En el mes sexto, el ángel Gabriel fue enviado por Dios a una ciudad de Galilea llamada Nazaret, a una virgen desposada con un hombre llamado José, de la casa de David; el nombre de la virgen era María (Lc 1, 26-27). Vaya joyita de niña, vaya sorpresa para su padre y para mí. A la vez Maria era tan normal, tan discreta, tan sencilla. No llamaba nada la atención. Era una más entre sus amigas y no le gustaba nada que le dijeran lo simpática que era. Le molestaba un poco, aunque no se le notara. Yo lo hablé un día con ella cuando tendría cinco o seis años, y me dijo muy salada: “tienen toda la razón, mamá, es que he salido a mi madre que es un cielo”. Creí que me la comía. Ella sí que era un cielo.
¡Cuántas veces me quedaba viéndola dormir en su cuna respirando suavemente! Habitualmente sonreía, era muy risueña y le gustaba reír a carcajadas cuando había motivo y también cuando le entraba la risa tonta, no pocas veces. Era como todas las niñas de su edad. No había nada raro y menos pedante. No se daba nada de importancia y nunca aparentaba. Con ella, sin querer, bajabas las barreras. Eras como eras: una misma sin tapujos. Nunca tuve que excusarme porque nunca me reprochó nada. Eso sí, le pedí perdón muchas veces, por ejemplo, cuando me podía la impaciencia. María, como todos los niños, aprendió a masticar y al principio se atascaba un poco. Cuando yo le explicaba una y otra vez cómo hacerlo me miraba con sus ojos grandes tratando de entenderlo pero no era muy rápida a veces y yo me desesperaba: “María cariño para cuando lo tragues el pueblo elegido habrá acabado su travesía por el desierto”. Y entonces le daba uno de sus ataques de risa tonta y teníamos que empezar de nuevo.
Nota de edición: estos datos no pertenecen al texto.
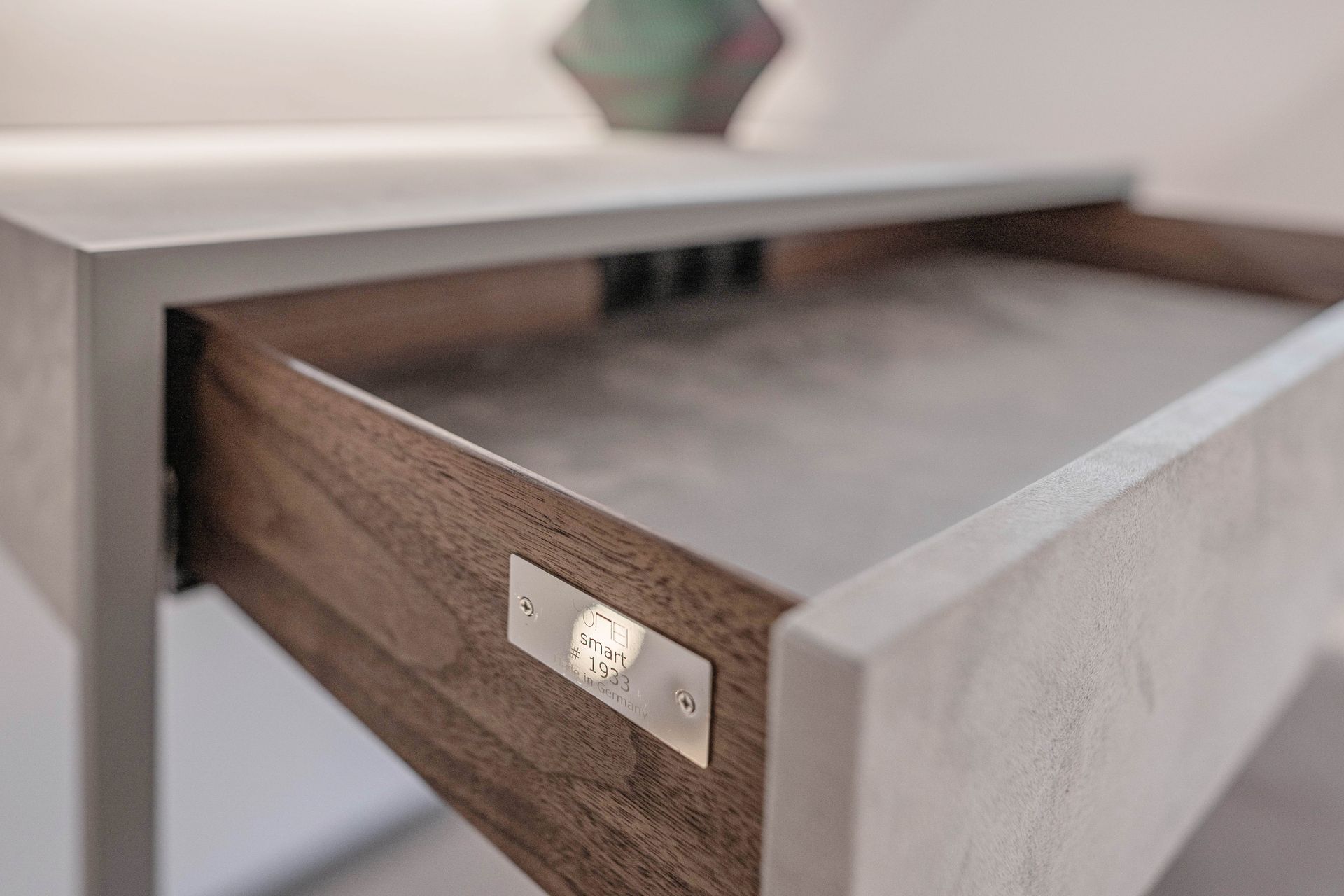 This desk brings everything a modern, contemporary home office needs. Slim dimensions, ample storage space and perfect "electronic" supply of all devices and lights. Everything is elegantly hidden in the large drawer or under the console. Cell phones, iPads, laptops and lights can be powered at the same time.

Me volvía loca ver lo rápida que María se ponía roja. Es algo de familia. Le pasaba a mi madre y yo soy toda una experta. Somos tímidas. Pero a María le pasaba sobre todo cuando se producía una situación embarazosa para alguien o una amiga quedaba en evidencia. Entonces vencía su timidez y cambiaba de tema con un ingenio y creatividad que no parecía la misma de siempre. María no era muy habladora, sino más bien una gran escuchadora. Lo pasaba muy bien con sus amigas que eran dicharacheras y que ante María multiplicaban sus talentos. Posiblemente nunca nadie les había escuchado con tanto interés y tantas muestras de entusiasmo por lo que decían.
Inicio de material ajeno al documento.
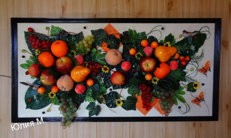 Панно с фруктами уже видела вконтакте. Круто! Я в восторге! Юля, а основа из чего? Или это заготовка холст? А в морском стиле какой же красавец! Ты где таких ракушек набрала? Супер супер!!!

Mi hija tenía una risa muy fácil. Era sencillísimo hacerla reír. Tenía muchas cosquillas y recuerdo a su padre entusiasmado mientras la hacía reír acariciándole sus pies con una pluma. También le gustaba reírse cuando se equivocaba. A veces se le trababa la lengua, sobre todo cuando había mucha gente delante y entonces se ponía roja y a continuación estallaba de risa provocando un jolgorio a su alrededor. Cuando era pequeña y estaba aprendiendo a hablar era muy divertido ver como confundía algunas palabras. Por ejemplo, durante una temporada, cuando yo le preguntaba si me quería, decía invariablemente: tanto. En lugar de mucho, «tanto» le parecía más. Quizá es que nos había oído decir: «te quiero tanto...». Joaquín, como todos los padres tenía sus dichos, frases y bromas, que repetía con gran frecuencia. María le escuchaba, pero llegó un momento en que empezó a imitarle: ponía su voz e imitaba sus gestos y nos matábamos de la risa, el primero su padre.
María llenaba esta casa con su sola presencia. Cuando se fue a Belén al principio me enfadé con Dios porque me la robaba. Me duró un segundo porque ella me leyó el corazón y me dijo: «mamá, Jesús nos necesita ahora para hacer que muchas familias sean tan felices como somos nosotros. Dime que no me vas a dejar sola». Y me dio el mejor abrazo del mundo mientras me secaba las lágrimas con su túnica azul. Era como si el cielo me acariciara las mejillas y la alegría volvió a mi corazón. Cuando me asaltaba la nostalgia me bastaba pensar que María estaría repartiendo cielo por todo el mundo para llenarme de alegría y dejar que ella secara mis lágrimas, aunque estuviera muy lejos físicamente.